Now again we want to switch off the deformed shape, we click okay, and now the deformed shape is gone. So let's get a standard view. And that's really the starting point I like to have for any visualization of stress results. Not the photorealistic, not the deformed shape straight away, let's just go look at the stresses. Now as I mentioned, the peak stress is round about 3.7 PSI. What we want to do is to check the reactions coming out of the big end here.

So I can right mouse click on the results icon here, and go to list result force. Make sure the reaction force radio button is selected, and for the coordinate system, we can drop down the geometry feature tree and choose little end, close that back up again. And we want to summate the reaction forces which are going to be on the big end, which we find on these two surfaces here.

So I can click update, and I get a little spreadsheet in here which is giving me the reaction force summary. So the total sum in the X direction, which is our axial direction, is 18.7 pound force. It's almost zero, it's computed zero in the Y and Z direction. And that's great because that checks with the actual weight of the structure which is 18.7 pounds. As we mentioned in the intro, this is a very heavy con rod from an industrial engine.

So that's a fundamental check out, load in equals load out. So our acceleration of one G, force equals mass times acceleration, is giving us the correct weight in this particular case, or the correct resultant force. Let's check okay, go back to the graphics window. And we want to put in our full operational loading case. So if we right mouse click on this, edit the definition. Very handy trick in here is we can just put in times 500, and SolidWorks dialog box will take an expression like that.

It's very powerful, very useful indeed. So we check the box there, we're back to 139,200 inches per second squared, which is 500 G. Let's just re-run that, we know it's going to scale up, but just out of interest let's run it and see what the stress results will be. Just for a change, I can right mouse click in here and say run. We see the monitor window coming up. It's complete. Now we go to our new results, and now our new results loaded in stress one, we can see it's round about 18,000 PSI.

And again, with the max label switched on, again I can drag this away nicely so if we want to create a report you can show this nicely, it's around this kind of pocket region in here. So the compressive load case, we talked about, that's squeezing the con rod and giving us the maximum stress in here. Now we can also control these other responses, so the displacement response for example, we can go in and say, chart options, similar kind of way, again I can control the different definitions in here.

At the moment I can control and put on a deformed shape. What I can do is the automatic shape which we saw very briefly, is a huge scaling, and we saw a very deformed, or grossly deformed shape, so let's change that, and let's try 60. There's an option here, that's the deformed shape. Let's check that. So here's our stress result. We want to overlay the deformed shape plot on top of it. So very useful shortcut control here is just go to the deformed result tab, click on that.

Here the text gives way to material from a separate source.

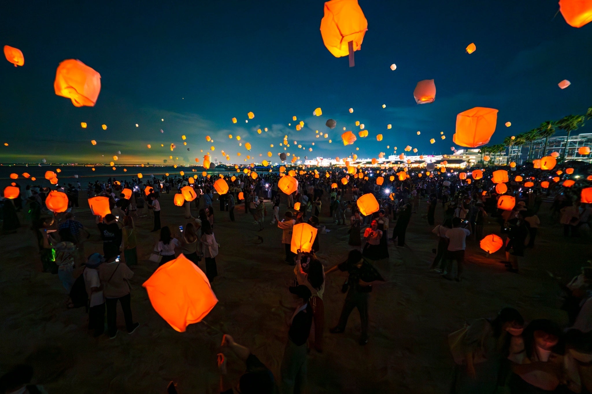 七夕の夜空を彩る、日本最大級のビーチランタンイベント!泉南市のシティープロモーションの一環として、願いをのせたビーチランタンを一斉に夜空へ打ち上げる来場者参加型イベントです。当日は1万人以上の方が集まり、ランタンが夜空に浮かぶ幻想的な光景をお楽しみいただきました。※開催終了しました

And now we see our deformation. Now it's scaled off a little bit, so we can just drag the model over, and we can see, we've got again a highly exaggerated deformation of that little end. The big end isn't deformed at all because remember we superglued it down to ground. Now we can check the tensile load in the same way. This is the loading developed by the piston assembly, pulling against the little end pin being reacted through the crankshaft. So now we suppress the acceleration input, and unsuppress the tension load.

This is the only active load that will be considered when we run now. So let's re-run that analysis. Let's click on run this study. See the monitor window again. And now our results option has plotted out again. And we have a highly exaggerated result here, because we have deformed results switched on, so let's switch it off. And we're back to our loading distribution.

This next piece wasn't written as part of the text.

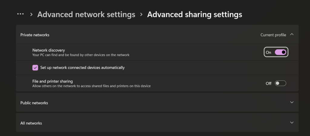 - A „Speciális megosztási beállítások” alatt válassza ki a „Hálózati felfedezés bekapcsolása” lehetőséget.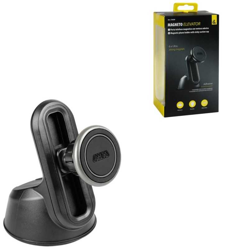 Compact design with height and viewing angle adjustment. Anti-slip and anti-scratch silicone coated magnet. Compatible with phones, smartphones, GPS, phablets... Adhesive suction pad for optimum grip on windshields and dashboards.

Now the peak value here is round about 37,000 PSI, and the smallest value at the little end is a tiny little value there. Let's zoom in to the little end. And we get a feel for where that stress concentration is, again I can move that out of the way so I can see very clearly what's going on. Now the deformed shape, again, was highly exaggerated, let's come on to right mouse click, chart options.

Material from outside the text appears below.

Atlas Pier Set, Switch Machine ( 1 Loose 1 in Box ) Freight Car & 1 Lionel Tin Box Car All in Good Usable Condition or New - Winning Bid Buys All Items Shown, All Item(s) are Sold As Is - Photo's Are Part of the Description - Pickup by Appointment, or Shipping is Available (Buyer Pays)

Under deformation, the automatic scaling is a very large scaling, so again let's go to user defined, set that to something more like, say, 60. Click okay. We won't see any deformation at the moment, but if I click on deformed result, then we see a better visualization of the deformation. Let's go to the standard view.

And you get a sense of that deformation. Now one thing we want to do again is to check the reaction forces equal the load applied. We know the load applied is 14,300, so again let's come to results, right mouse click, and say list result force. We can again check the two reaction faces here. Click update.

And you can see we're getting the 14,300 pound force out as a reaction. So again, load in equals load out. Any reviewer, any checker of any analysis report, that's one of the first things he's going to look at, is did the analyst check load in equals load out. So that looks good, check okay. So we can see the sense again, it's going to be that tensile load applied at the bearing face here, that's giving the big local stress concentration at the little end region.

So we want to complete the picture, and check the compressive load. So right mouse click on compression, unsuppress that. Suppress the tension load. And now we can re-run the analysis. The results pop. We're getting a stress concentration of about 16,000 this time. It's in a different position, it's now in the bearing face of the little end.

Let's zoom in and see that a little bit better. So the stress concentration, again, shown in this region. It was the tensile case where we had the stress concentration in this region. Again, let's check the reaction forces, so in results, right mouse click, and say list result force. Let's go to the big end. Pick these two reaction surfaces. Click update.

And we have 22,018. Now it's interesting because that value is less than the 26,430 pound force we defined as the total force applied normally to the surfaces. To apply the correct distribution and hence the correct force, we would have needed to calculate the projected area on the axial direction and then apply that as a pressure. I took a shortcut and applied a normal force. So I've got to correct that to apply the correct axial net force.

So we can scale that directly in the loading input. So we come back to this compression load here. We've applied 26,430, but that's in a radial direction rather than a component X axial direction. So what we can do is to scale that, so let's go to edit the definition. Now, 26,430, if we scale that by the ratio, 26,430, divided by 22,018, 22,018 is the reaction force we got, we want to scale it up to 26,430.

Now what's handy is if you've done that calculation, say, in an Excel spreadsheet, you can just copy and paste that again directly into this expression window. So it's very powerful. So that's updated the force. Again we can see an updated value in here, which is 31,726. That value of 31,726 which is applied as a radial force distributed over this region, if we knew the area then we could work it out as a pressure, that's going to give us a net total reaction force we anticipate.

And let's check that out and re-run it. Let's look at a general view. Again, now we can see that the peak reaction has obviously increased, it's in the same region as before. Let's go to the little end. Again we can see it's on that inside bearing face. Now what we need to do is obviously check those reaction forces, make sure that they're what we expect to see after we've done our calibration.

So let's go in and list result force. Again let's go to the standard view so we can pick off those two reaction faces. Click update. And we've got 26,429, well we're expecting 26,430 so we're one pound out, out of this large number. So, it's a reasonable level of accuracy, that's okay. So we've actually calibrated the model in that particular case to get the right reaction force out. So again, load in equals reaction force out.

So now let's save the model. And we'll save this as baseline 12. Again, it's asking us, do we want to copy the results, we now have a significant amount of results, do we want to copy those over into the database. And the answer to that is yes we do. So in conclusion, we've checked out each of the individual loading components that we're going to apply in the final production analysis, in particular, inertial load calculation is shown to be correct and balances, and the compressive normal applied force has been calculated to give the correct reaction.